Data in this exercise START

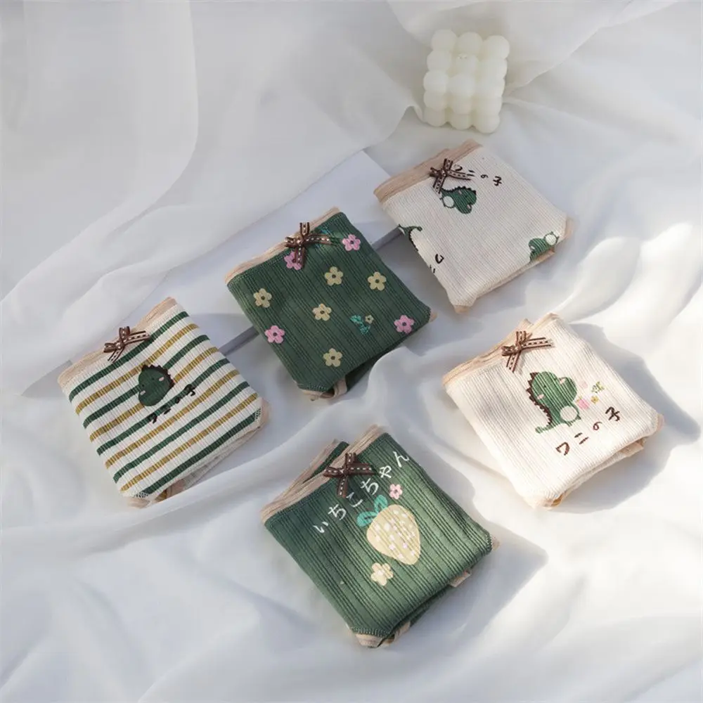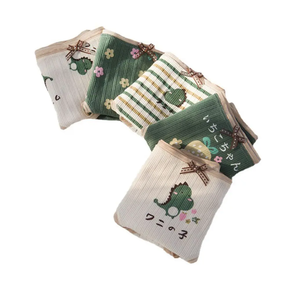 Японские Симпатичные темно-зеленые трусики динозавров, хлопковые дышащие женские разноцветные трусики
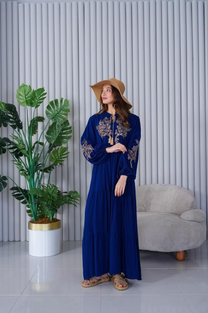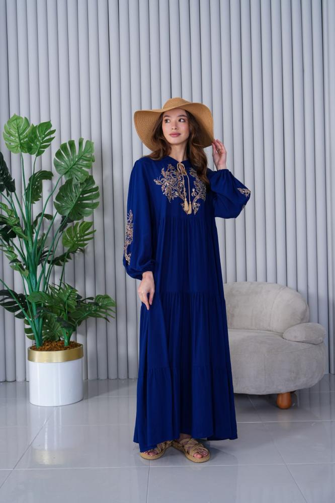 - الألوان: أزرق ملكي مع تطريز ذهبي.
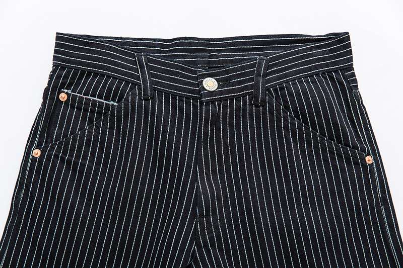 Custom red ears denim retro Paris buckle striped slacks Mbbcar European and American primary color striped slacks men
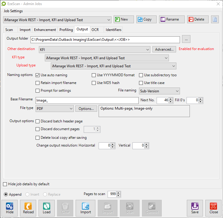 To enable iManage Work output functionality on an EzeScan Job, without using a KFI and Upload:
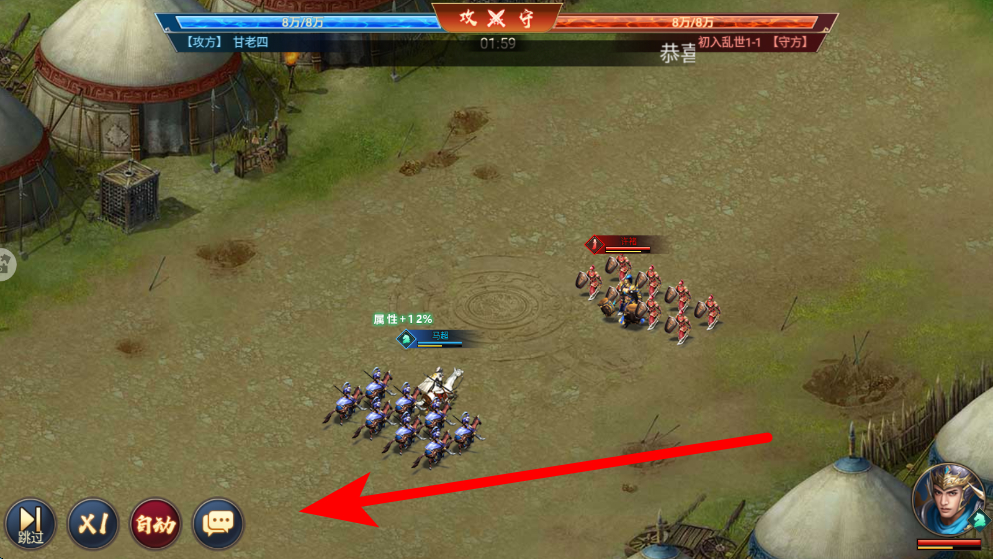 1、首先参与攻防战斗,可看到攻方与守方的兵力等信息,界面下方有跳过自动等功能按钮,根据战斗情况,选择合适的功能,指挥部队与敌方展开交锋。
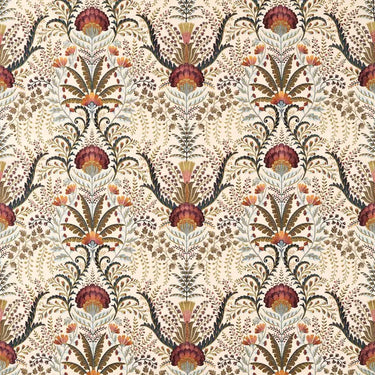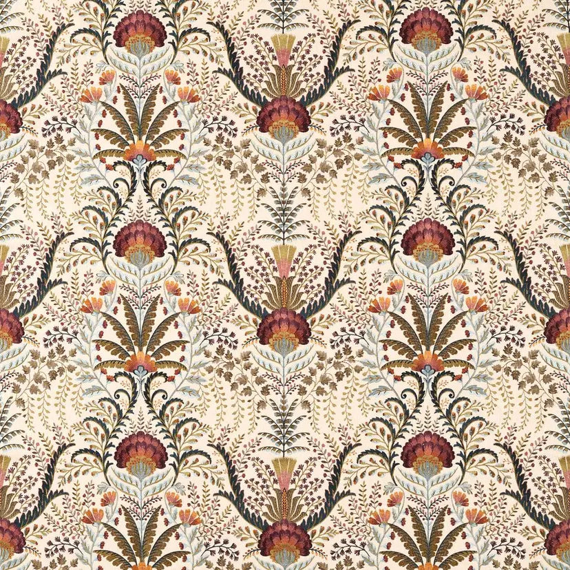 Unfurling and growing, with Marrienne, leaves fan outwards, while carnations and poppies bloom in this joyful display of nature, shaped into the damask style. Intricate, varied embroidery techniques come together to complete this highly detailed full-coverage embroidery, named after a lady who worked with her husband as tenant farmers at Brockhampton Estate.
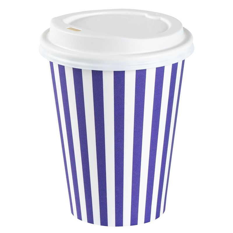 - STYLISH STRIPE FINISH: Add a pop of color to your morning! These purple and white striped disposable hot cups add a splash of style to your coffee routine. Brighten up your day!
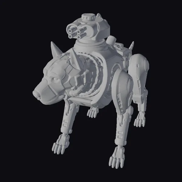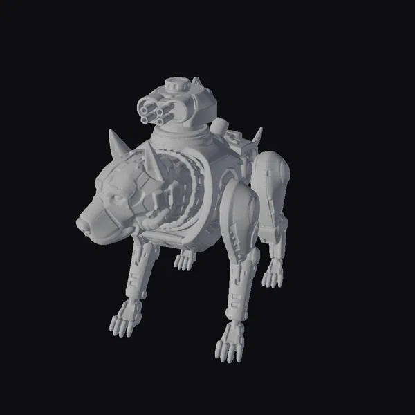 Standing proudly with its legs spread wide, this robotic dog exudes a sense of futuristic power. The model’s body is a masterful blend of dog-like features and cybernetic enhancements, with visible mechanical components and wiring under its metallic yellow skin. The head is shaped like a dog’s, complete with pointed ears and a snout, but its eyes burn with an eerie red glow. A distinctive turret on top of the head, equipped with what appears to be targeting optics, adds to the sci-fi aesthetic. This model is perfect for projects requiring a futuristic, high-tech creature, such as games, animations, or virtual reality experiences.
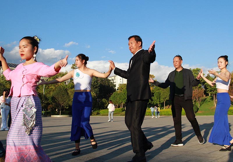 闭营仪式后,全体参会人员到学校聂耳广场共同参与傣族传统节目打跳,感受民族特色风情。
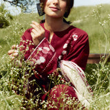This red shirt is the perfect pop of color for fall. It pairs beautifully with a solid shalwar and an embroidered shawl.
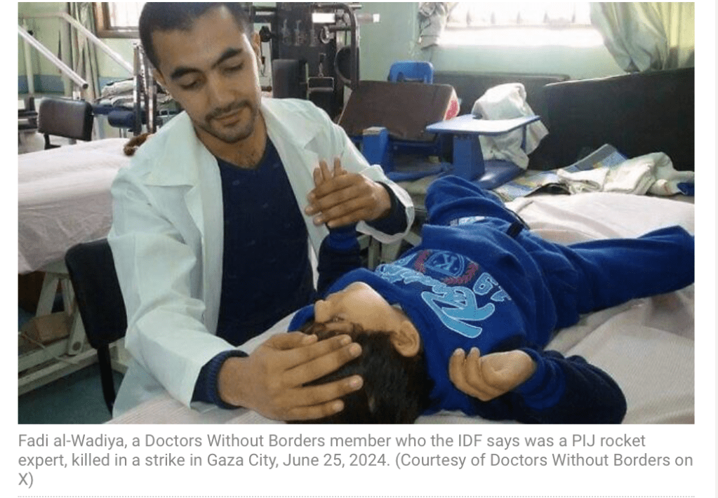 Die IDF veröffentlichte heute Bilder, die den Raketenexperten des Palästinensisch-Islamischen-Djihad, Fadi al-Wadiya, in der Uniform der Terror-Gruppe zeigt. Mitarbeiter von ‘Ärzte ohne Grenzen’ (MSF) haben ihn als Kollegen bezeichnet, jedoch behauptet, er sei kein Terrorist. MSF gab heute bekannt, al-Waadiya sei gestern bei einem Drohnen-Angriff getötet worden, als er mit dem Fahrrad auf dem Weg zu seiner Arbeitsstelle war. Laut Informationen der IDF war er nicht nur Experte für Raketen und an deren Entwicklung beteiligt, sondern auch Fachmann für Elektronik und Chemie. 2018 habe er sich MSF als Arzt und Physiotherapeut angeschlossen und versucht, Gaza Richtung Iran zu verlassen, um dort gemeinsam mit zwei weiteren Terroristen eine Ausbildung zu absolvieren.

Data in this exercise END

Task requirements.
Copy out all the data exactly; skip the pictures.

Solution to the exercise.
 Японские Симпатичные темно-зеленые трусики динозавров, хлопковые дышащие женские разноцветные трусики
 - الألوان: أزرق ملكي مع تطريز ذهبي.
 Custom red ears denim retro Paris buckle striped slacks Mbbcar European and American primary color striped slacks men
 To enable iManage Work output functionality on an EzeScan Job, without using a KFI and Upload:
 1、首先参与攻防战斗,可看到攻方与守方的兵力等信息,界面下方有跳过自动等功能按钮,根据战斗情况,选择合适的功能,指挥部队与敌方展开交锋。
 Unfurling and growing, with Marrienne, leaves fan outwards, while carnations and poppies bloom in this joyful display of nature, shaped into the damask style. Intricate, varied embroidery techniques come together to complete this highly detailed full-coverage embroidery, named after a lady who worked with her husband as tenant farmers at Brockhampton Estate.
 - STYLISH STRIPE FINISH: Add a pop of color to your morning! These purple and white striped disposable hot cups add a splash of style to your coffee routine. Brighten up your day!
 Standing proudly with its legs spread wide, this robotic dog exudes a sense of futuristic power. The model’s body is a masterful blend of dog-like features and cybernetic enhancements, with visible mechanical components and wiring under its metallic yellow skin. The head is shaped like a dog’s, complete with pointed ears and a snout, but its eyes burn with an eerie red glow. A distinctive turret on top of the head, equipped with what appears to be targeting optics, adds to the sci-fi aesthetic. This model is perfect for projects requiring a futuristic, high-tech creature, such as games, animations, or virtual reality experiences.
 闭营仪式后,全体参会人员到学校聂耳广场共同参与傣族传统节目打跳,感受民族特色风情。
This red shirt is the perfect pop of color for fall. It pairs beautifully with a solid shalwar and an embroidered shawl.
 Die IDF veröffentlichte heute Bilder, die den Raketenexperten des Palästinensisch-Islamischen-Djihad, Fadi al-Wadiya, in der Uniform der Terror-Gruppe zeigt. Mitarbeiter von ‘Ärzte ohne Grenzen’ (MSF) haben ihn als Kollegen bezeichnet, jedoch behauptet, er sei kein Terrorist. MSF gab heute bekannt, al-Waadiya sei gestern bei einem Drohnen-Angriff getötet worden, als er mit dem Fahrrad auf dem Weg zu seiner Arbeitsstelle war. Laut Informationen der IDF war er nicht nur Experte für Raketen und an deren Entwicklung beteiligt, sondern auch Fachmann für Elektronik und Chemie. 2018 habe er sich MSF als Arzt und Physiotherapeut angeschlossen und versucht, Gaza Richtung Iran zu verlassen, um dort gemeinsam mit zwei weiteren Terroristen eine Ausbildung zu absolvieren.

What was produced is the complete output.